10 May 2021, 14:22
Sören Amelang

Germany's largest union warns new CO2 target will speed up car industry job losses

Frankfurter Allgemeine Zeitung

Government plans to increase Germany's climate ambitions will accelerate job losses in the car industry without decisive policy intervention to secure employment, the country's largest labour union IG Metall has warned. "For a supplier that has so far made its living exclusively from components for combustion engines, more ambitious climate protection targets are exacerbating the problems," the union's head Jörg Hofmann told Frankfurter Allgemeine Zeitung. "Orders for these companies will disappear even faster than previously expected." He said the target of cutting CO2 emissions by 65 percent by 2030 meant that the country needed 14 million to 16 million electric cars on the road by the end of the decade, instead of 8 million to 10 million as previously planned. Hofmann criticised that the country's current policy debate about climate action largely ignores economic and social aspects. "What is needed here is a clever industrial policy that takes countermeasures at an early stage," he said.

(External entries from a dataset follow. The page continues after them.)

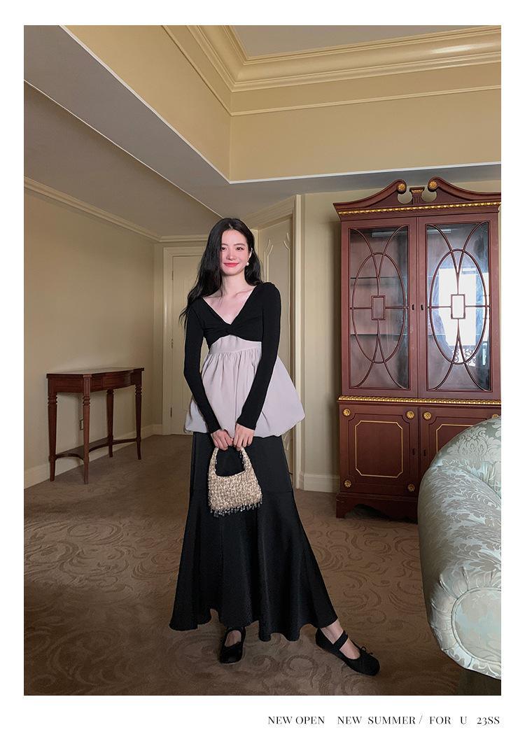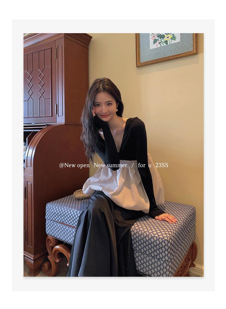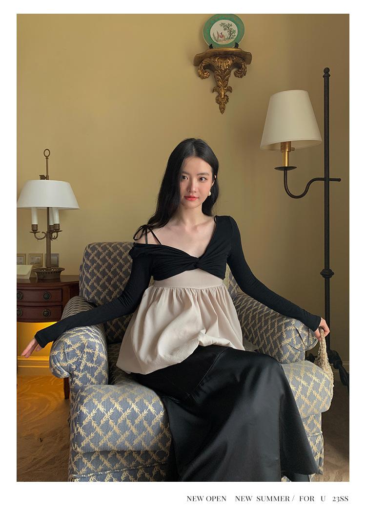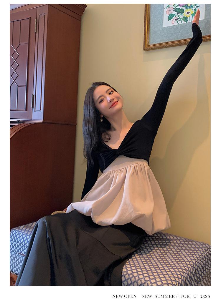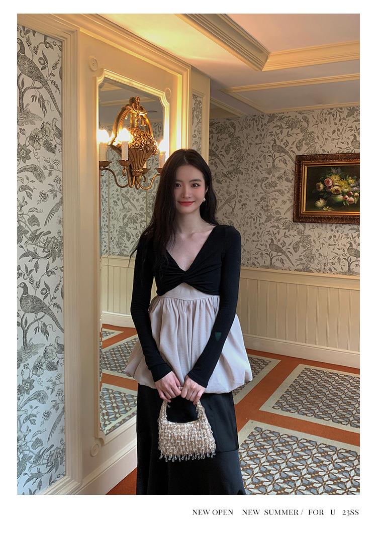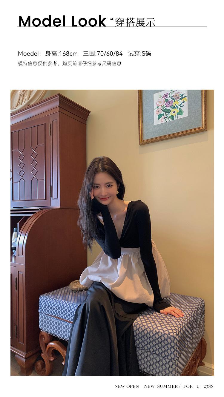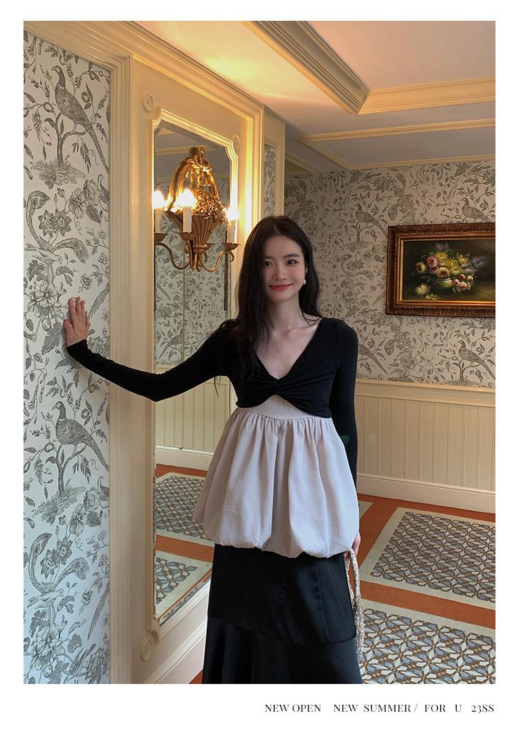 Liquidación Trece Líneas No Retornable Estilo Dulce y Picante Camisa Sexy Delgada con Escote en V Profundo para Mujer Verano 2023 Exterior Tejido de Manga Larga 82317
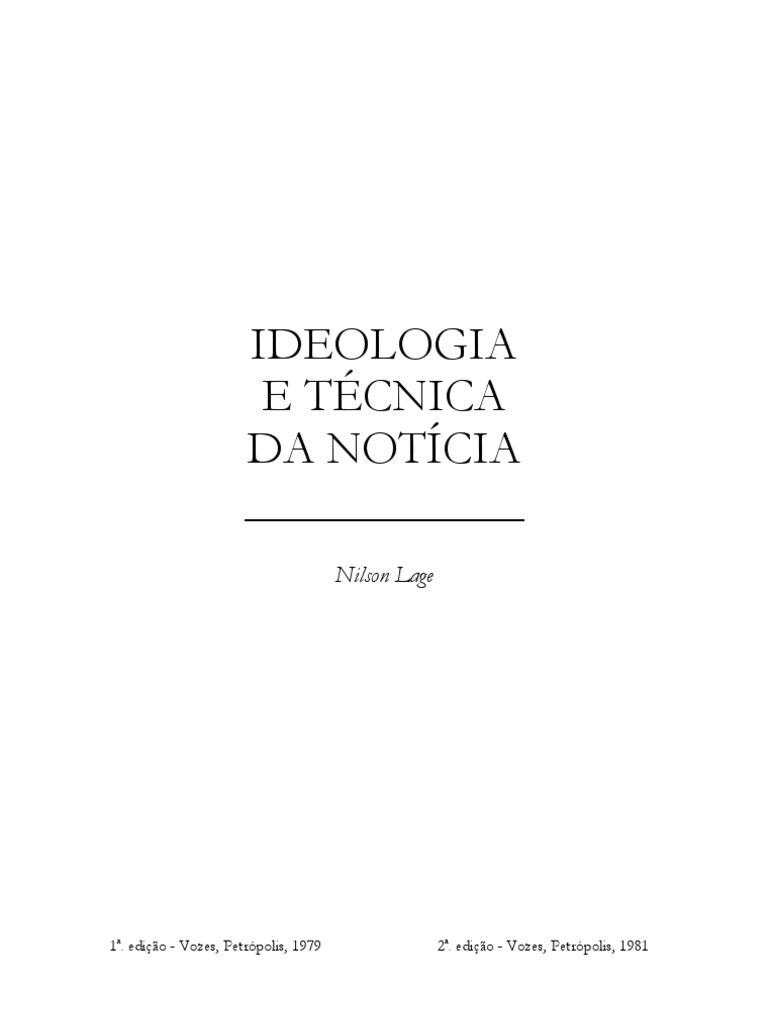 Ler textos nossos, antigos, como tirar da gaveta um retratos nossos, antigos: temos a ntida impresso de que estamos ali, mas a certeza de que j no estamos mais ali. Ainda assim, a ocasio me permite lembrar o passado deste texto, que agora apresento, quase 20 anos depois, terceira edio. Ele foi lanado discretamente, em 1979, e, por um ano ou dois, tive a impresso de que ningum o lera. S mais tarde, sada e quase esgotada a segunda edio, notei que, afinal, tivera leitores, fazia algum sucesso. Por que? Porque gerou crticas, algumas veementes, e no se critica o irrelevante. Depois, veio a fase da copiagem eletrosttica. No estando mais o livro venda, nem sendo novidade que valia a pena retaliar, continuou aparecendo na bibliografia de concursos pblicos e cursos variados, com o que cada exemplar multiplicou-se em muitos mais nas mquinas xerox. Lembro-me de um colega que, na Universidade de Braslia, mostrou-me um armrio cheio de cpias da Ideologia e Tcnica da Notcia. Por que voc no o reedita?, perguntou-me. Basicamente, porque estava ocupado com outras coisas. Mais com semntica do que com sintaxe. Mais com o acompanhamento dos avanos tecnolgicos da imprensa do que com questes gerais de semiologia. Mais em difundir conhecimento do que em aprofund-lo. Em 1987, surgiu um livro importante, O segredo da pirmide, de Adelmo Genro 1. Filho , que, para formular sua anlise a partir de modelos da dialtica de Hegel, cita constantemente a Ideologia e contesta algumas de suas colocaes, propondo, particularmente, a autonomia do discurso jornalstico como aquele que, a partir da singularidade, pretende alcanar a universalidade, sem a intermediao do conhecimento particular, especializado, to relevante em nossa cultura. Adelmo morreu cedo - era jovem e no tive oportunidade nem de trocar idias com ele. Agora, meu colega Eduardo Meditsch prope-me a reedio. Fiz uma reviso cuidadosa do texto: 1. No primeiro captulo, procurei atualizar as informaes sobre a indstria grfica, sem suprimir o que constava como atual (a impresso a quente, a composio tica ou em linotipos) e que hoje arqueolgico. Acrescentei breves comentrios sobre os fatos que transcorreram aps a dcada de 70: ainda a, a sensao de que tudo mudou, mas tudo continua a mesma coisa. Em termos crticos, nota-se nesse captulo, e mais adiante, no livro, influncia grande - e boa - de Roland Barthes, que me parece o autor mais consistente do estruturalismo francs -, se que Barthes pode ser reduzido condio de estruturalista. Percebe-se a presuno de iniciante: querer dizer tudo de uma vez s. E um vcio de jornalista: nomes, dados, fatos, documentao para tudo.
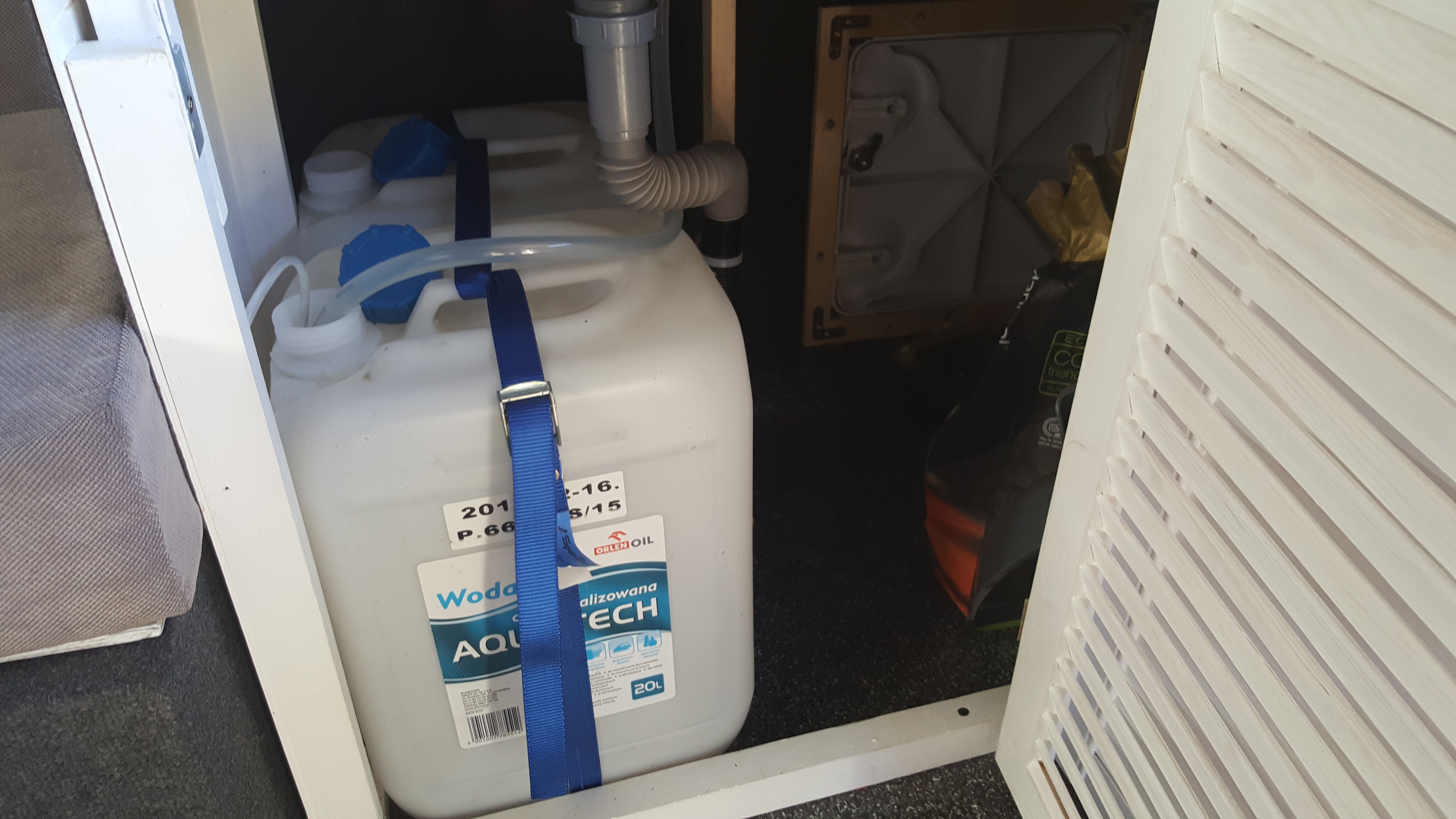 Pod zlewem dwa pojemniki po 20l, szafka jest narożna dlatego zmontowałem od zewnątrz luk aby można było wygodnie obsługiwać tą przestrzeń:

Hofmann said climate change was such an urgent problem that the fight against it cannot be too fast. "But the question is: how do we mitigate the upheavals and dislocations that the restructuring of industry entails?" he asked. Hofmann said he is not against a phase-out date for the sale of combustion engines "if the politicians could answer the question of how we are going to provide the necessary [charging] infrastructure by then, how companies are going to switch to new products, and how there are going to be reliable options for the employees." Hofmann accused some companies of using the shift to e-mobility as an opportunity to relocate factories abroad. "Components made in Germany for combustion vehicles are being replaced by components for e-cars made in foreign factories. This has to stop," Hofmann said, naming major supplier Continental as an example. He said the transition to electric mobility must not lead to job relocations, adding new industrial jobs must be created in Germany's heavily affected car-making regions to replace lost ones.

In a study commissioned by car industry association VDA, the Institute for Economic Research (Ifo) estimated last week that the shift to e-mobility puts 100,000 jobs at risk by 2025. The German car industry employs more than 800,000 people, and around half of them depend on combustion engine production.